Scott Morrison isn’t sure if his plan to help some Australians buy their first home more easily will increase house prices.
But the prime minister is confident the scheme won’t push prices lower, arguing the same wouldn’t be true if Labor’s plans to reform housing tax breaks are fulfilled.
“It’s difficult to say, it’s difficult to say,” the prime minister told reporters in western Sydney on Monday when asked whether the plan could lead to price rises.
“But I do know this: Labor’s housing tax will force the value of your home down.”
Under the new home deposit scheme, the government would offer loan guarantees for first home buyers, allowing them to buy properties with deposits of just five per cent instead of the typical 20 per cent.

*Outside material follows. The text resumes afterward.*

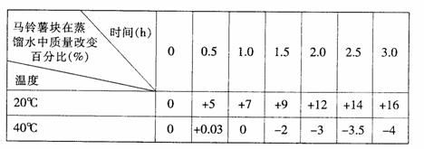 (3)现提供下列实验用品:分别从新鲜叶片中提取完整的线粒体悬浮液和叶绿体悬浮液,丙铜酸溶液、 溶液、试管、光源、澄清的石灰水、卫生香、火柴等,请设计实验验证:线粒体内发生细胞呼吸过程产生 和叶绿体内发生光合作用产生 。 实验设计: 步骤一:____________________________________________________________。 步骤二:____________________________________________________________。 预测实验现象:______________________________________________________。 实验结论:__________________________________________________________。 30 . ( 12分)为探究温度对膜透性的影响,取质量和形态相同的两块马铃薯进行对照实验,所得到的结果如下:
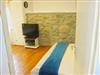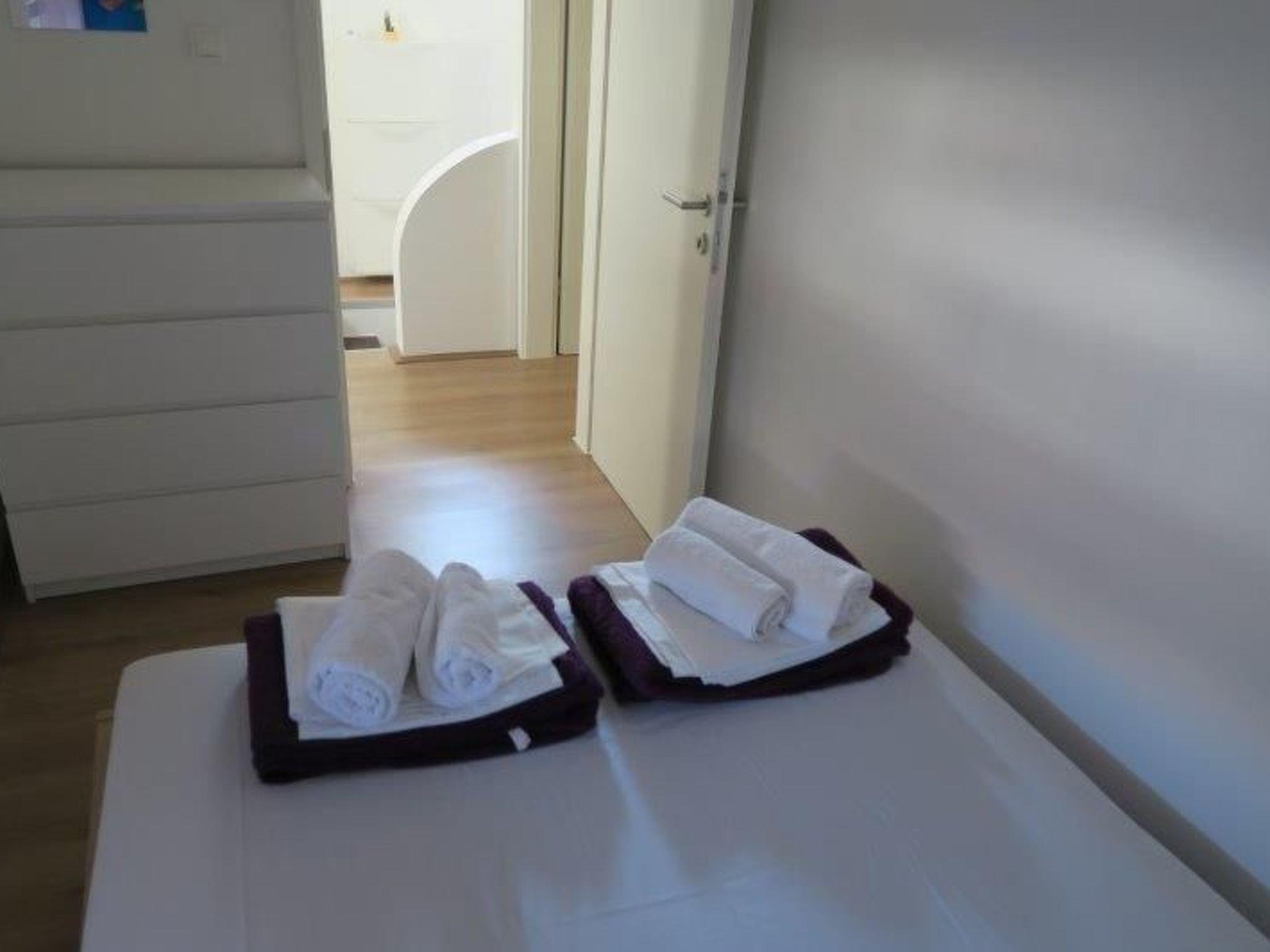 The three-storey house provides 95m² of living space, with each floor around 35m². The ground floor has an open kitchen, fully-equipped with a stove, oven, fridge, microwave, dishwasher and kettle. It has a nice counter with four modern bar stools, where you can enjoy meals. The kitchen has an adjoining living room with a flatscreen TV, stereo system and double sofa bed. The sofa measures 90 x 200cm and 180 x 200cm when pulled out. The ground floor also has a bathroom with a shower, WC, hairdryer and washbasin with a cupboard underneath and small secon bathroom is on the first floor. The second floor has a bedroom with a double bed (180 x 200cm) and up on the third floor there are two further little bedrooms, each with a bed measuring 140 x 200cm. All the rooms in the house have air conditioning. Internet access is available.

The government is providing the National Housing Finance and Investment Corporation with $500 million to deliver the scheme, along with $25 million to set it up and research the housing market.
About 10,000 people are expected to benefit each year, which would have been about one in 11 new home-buyers in 2018.
Mr Morrison says that’s a current estimate and not a final figure, which will depend on how many loans lenders want to approve, stressing the scheme will be aimed at low and middle income earners.
Labor has committed to matching the scheme, blunting the prime minister’s pitch on housing affordability.
But Mr Morrison is eager for people to know that Labor wants to scrap another scheme that helps people save for their first home by withdrawing voluntary contributions to their superannuation.
“It’s fine for Bill Shorten to try and mimic us, but what he can’t mimic is our ability to implement policy, design policy and do it in a way that doesn’t increase taxes,” said in a live Facebook video.
Shadow treasurer Chris Bowen says Labor would want more details of the policy but that it would require bigger tax changes, like those the opposition is pushing, to be effective.
“I think it only frankly works if it is accompanied by broader reform, like reforming negative gearing,” he said.
There were about 110,000 new home-buyers in Australia in 2018, the highest level in nine years.
Housing industry bodies the Property Council and Master Builders have backed the proposed scheme.
Financial comparison site RateCity has urged people to be cautious about signing up to a 30-year mortgage with a thin deposit.
They say people with a five per cent deposit could end up paying more than $50,000 extra in interest than those with a 20 per cent deposit on a $500,000 purchase, based on an average interest rate of 4.31 per cent.
The plan is based on another program already operating in New Zealand.
But across the Tasman, first home-buyers must save a deposit of 10 per cent, rather than five per cent, before they are eligible to have their loan underwritten by Housing New Zealand.